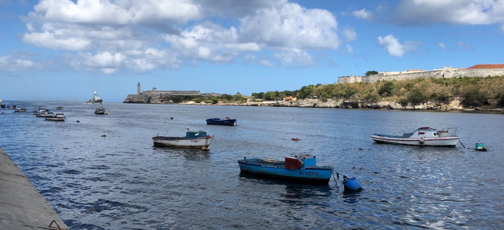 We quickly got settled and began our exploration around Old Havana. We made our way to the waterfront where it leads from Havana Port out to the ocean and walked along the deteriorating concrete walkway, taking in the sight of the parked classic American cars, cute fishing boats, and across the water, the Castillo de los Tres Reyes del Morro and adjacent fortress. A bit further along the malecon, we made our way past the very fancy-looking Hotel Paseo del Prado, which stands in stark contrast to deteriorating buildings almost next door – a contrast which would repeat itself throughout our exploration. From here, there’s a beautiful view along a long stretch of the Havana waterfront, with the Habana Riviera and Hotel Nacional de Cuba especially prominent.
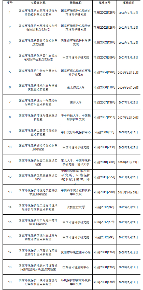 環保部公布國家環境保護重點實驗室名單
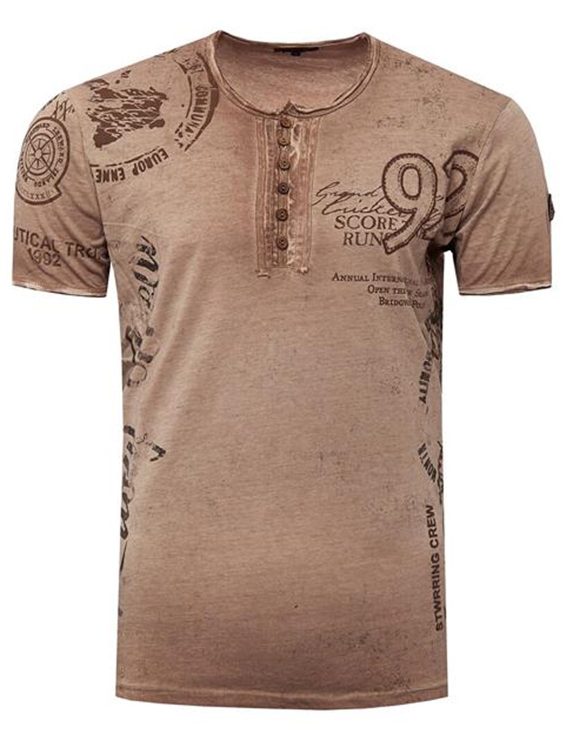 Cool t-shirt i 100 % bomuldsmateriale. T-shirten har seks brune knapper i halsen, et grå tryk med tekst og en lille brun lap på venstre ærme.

...

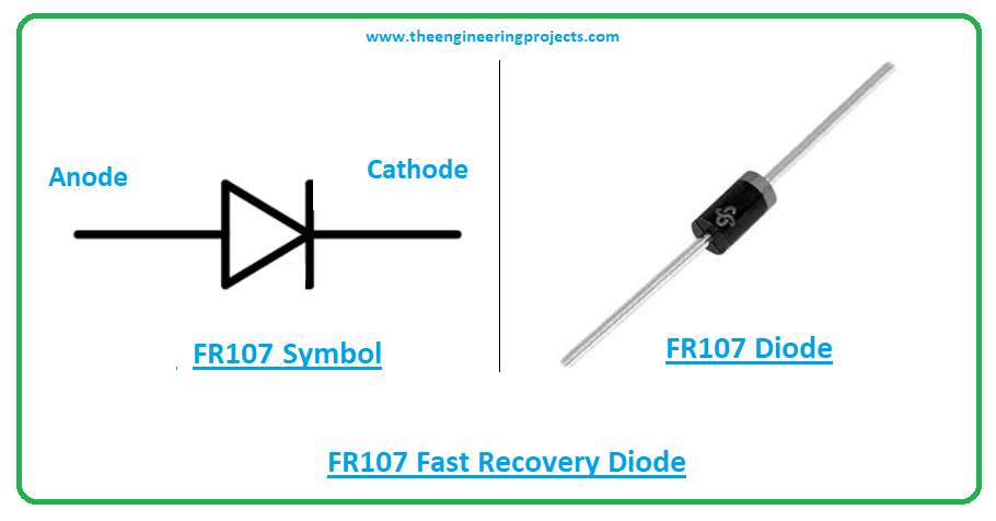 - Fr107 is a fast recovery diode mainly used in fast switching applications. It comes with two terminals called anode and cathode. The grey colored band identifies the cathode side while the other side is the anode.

WORK TO COMPLETE | Up in the listing, locate the line with "環保部公布國家環境保護重點實驗室名單"; print it and every line after it down to the line with "Cool t-shirt i", which is included too. Skip the pictures.

OUTPUT |
 環保部公布國家環境保護重點實驗室名單
 Cool t-shirt i 100 % bomuldsmateriale. T-shirten har seks brune knapper i halsen, et grå tryk med tekst og en lille brun lap på venstre ærme.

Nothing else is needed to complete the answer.